There’s chaos around the stove. The journalists, some of them good friends of Àlex’s, come in and out of the kitchen, making themselves too much at home. They greet Àlex, try a mouthful directly from the pot and exchange gossip and secrets among the saucepans. Although the dining room has been made ready with their maximum comfort in mind, they prefer to be behind the scenes in the kitchen. The stove provides an ideal cosy atmosphere for their hush-hush exchanges, taking them back to the days of fireside chats and grannies who added new details to their stories night after night. They complain that they have to attend too many boring social functions, but they never say no when Àlex or Carol calls, because they always know it will be fun. This time they don’t know the half of it, as tonight’s show is going to be really over the top.
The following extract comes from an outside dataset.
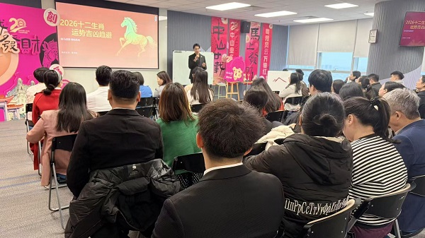 讲座于中山友邦高端商务会议中心举行,现场气氛热烈,座无虚席。陈靖韬先生凭借其多年对易学、生肖文化的深入研究,结合2026年(农历丙午马年)的年度五行气场与流年趋势,系统剖析了十二生肖在新一年中可能面临的整体运程、机遇挑战,并就事业、财运、健康、情感等方面提供了富有洞见的分析与建议。讲解过程引经据典,同时贴近现代生活与商业环境,强调了“知势而为,顺势而行”的积极规划理念,引导大家以更开阔的视角和积极的心态迎接新年。

Àlex is very alert, expectant, monitoring Carol’s every move. He’s certain that she hasn’t given him all her poison and that she’s kept some – or a lot – to use herself, waiting until Àlex is distracted by something to drop it into one of the saucepans. Àlex and Eric are coating some pork spare ribs with soya sauce and honey before putting them in the oven to cook. Three journalists are in a huddle alongside them, buzzing into each other’s ears. Àlex catches snippets.

“I’ve had it up to here with Carol. She doesn’t leave space for anyone else.”

“She’s the spoilt brat of the newspaper. They’d even print her farts.”

“She’s lost any taste she ever had. Now she can’t tell a lemon from a mandarin.”

Àlex hasn’t been talking to his journalist friends recently, so he’s not up to date with their current frame of mind. So they’re pissed off with Carol. Now that’s really news!

“Eric, come here a moment. I want to show you the wines we’re serving tonight.” Àlex wants to get Eric away from the journalists’ sharp ears.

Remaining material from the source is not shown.